PRACTICES, POWER & THE PUBLIC SPHERE: DIALOGICAL SPACES & MULTIPLE MODERNITIES in Asian Contemporary Art 
an online showcase curated by Maya Kóvskaya
 

 

HUSKS

by Ivan Young

 

 

To understand the texture of sunlight she watches the gull
dip its bill into the opened chamber of a crab. It mauls

the meat into droplets, rich with rot and brine.
She thinks of swimming to a sandbar as a girl, the corset

of breath when the ocean floor dropped away, the burn
in her arms, the bewildered laugh when suddenly she could stand.

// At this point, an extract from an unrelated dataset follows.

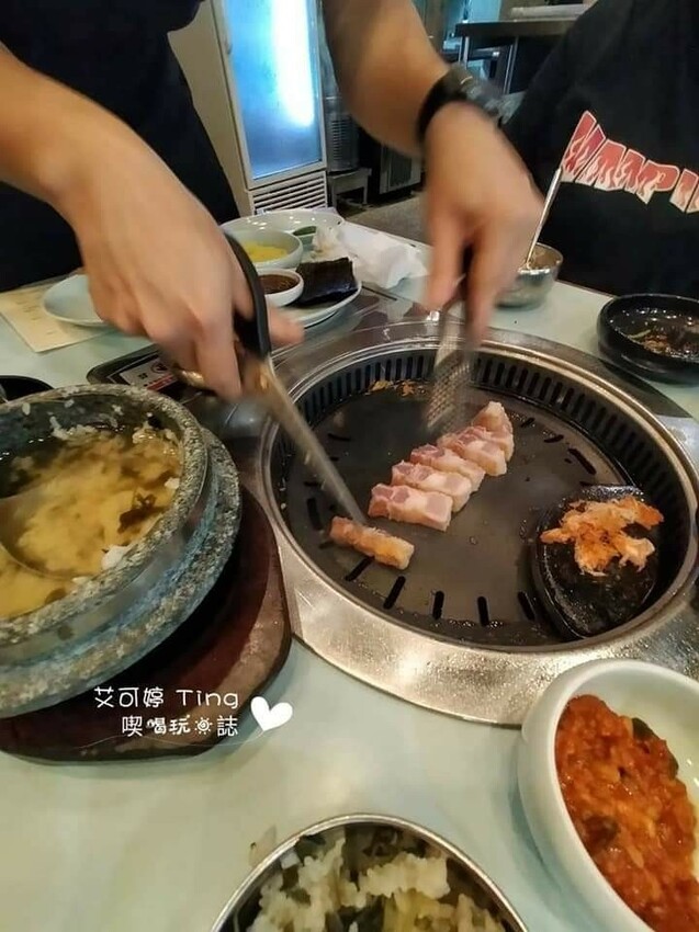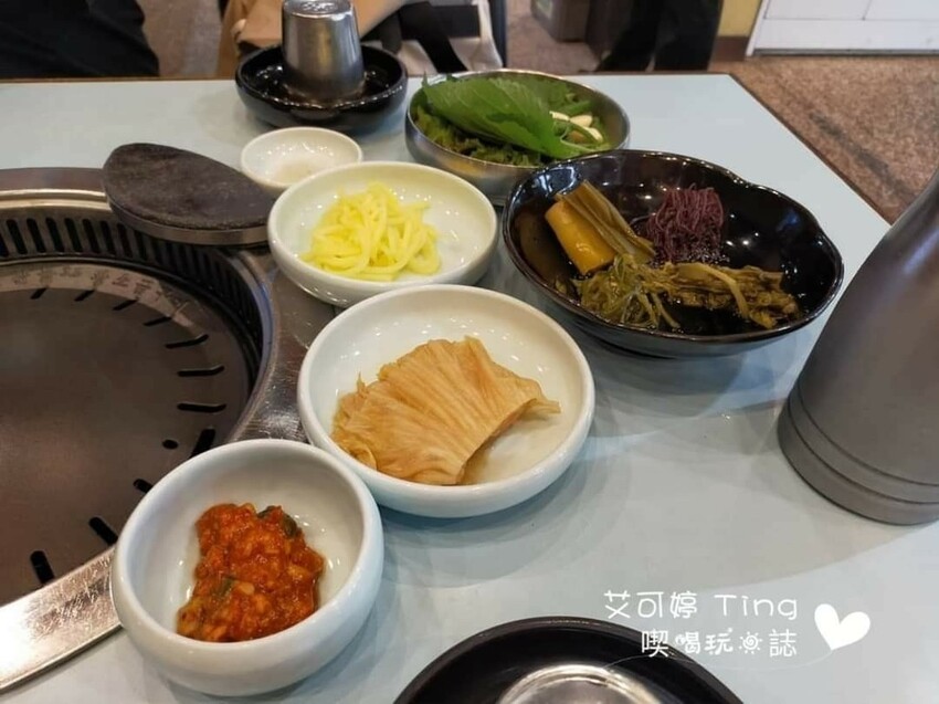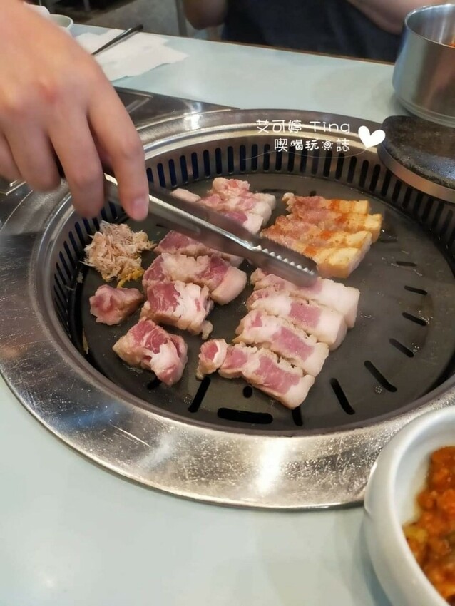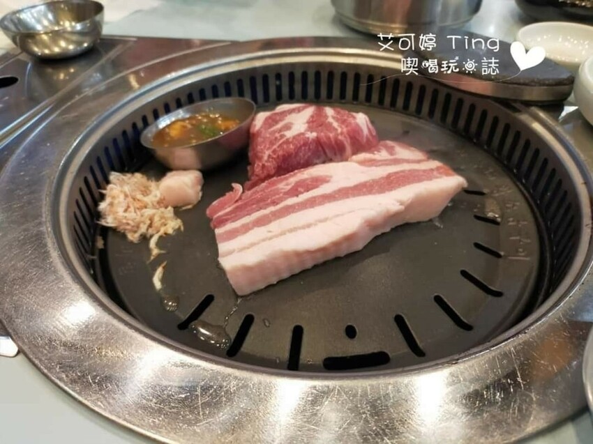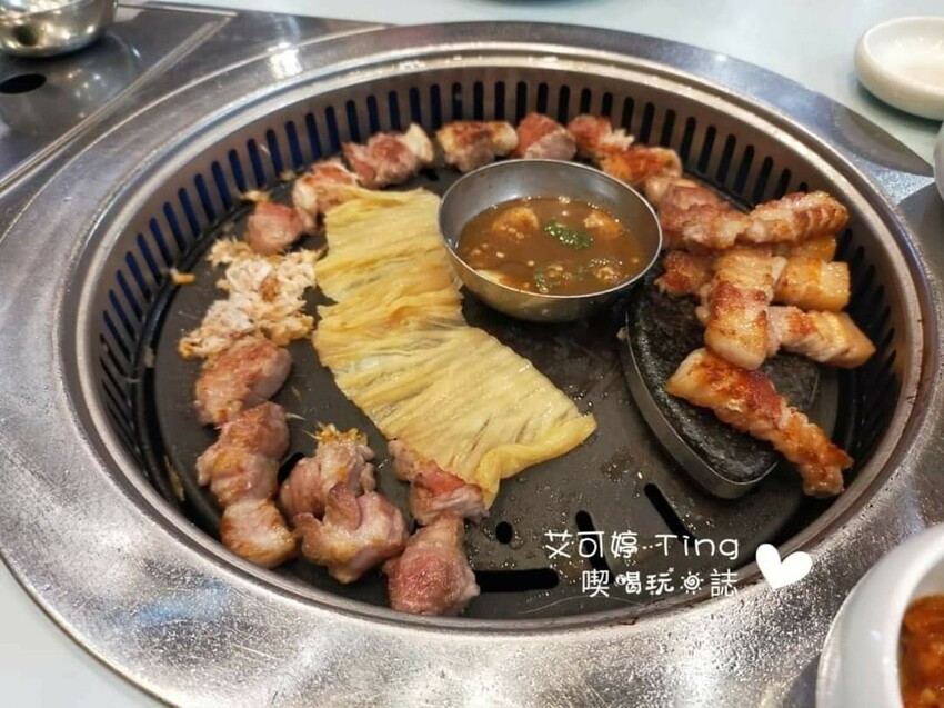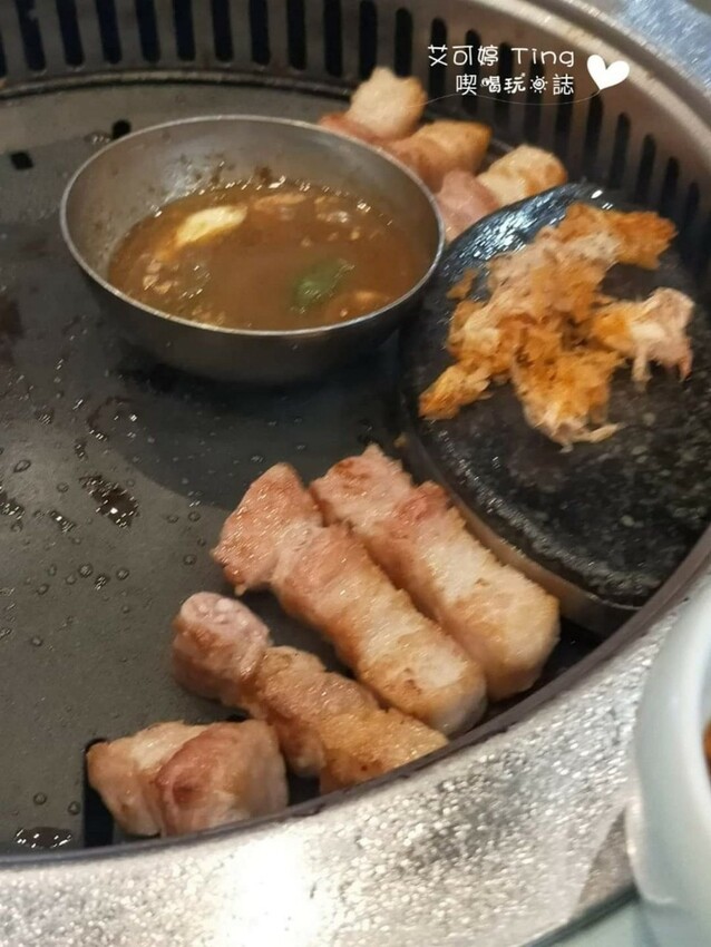五花肉外皮烤的酥酥脆脆,單吃就很好吃,可以沾中間加熱過的醬提味,也可以隨意搭配桌上的小菜一起吃,味道更豐富也很解膩喔

A  crab ached into cobalt and jade.  She thought she'd made
the thing scuttle, when she kicked the waves, off the edge

toward the deep, the way she'd felt herself fall some nights,
in sleep.  Nothing to do but swim, she dove back in the gap

of sea and muscled to the beach, where waves threw her
in an exhausted heap.  She counted the blue crab's

cracked and whitened legs, the carapace.  Curled into a husk,
thumb and finger cramped into a V, she felt her mother's hand

pecking at her tempered back  reminding her to stay awake,
while Sand Pipers twittered among the fragile, emptied shells.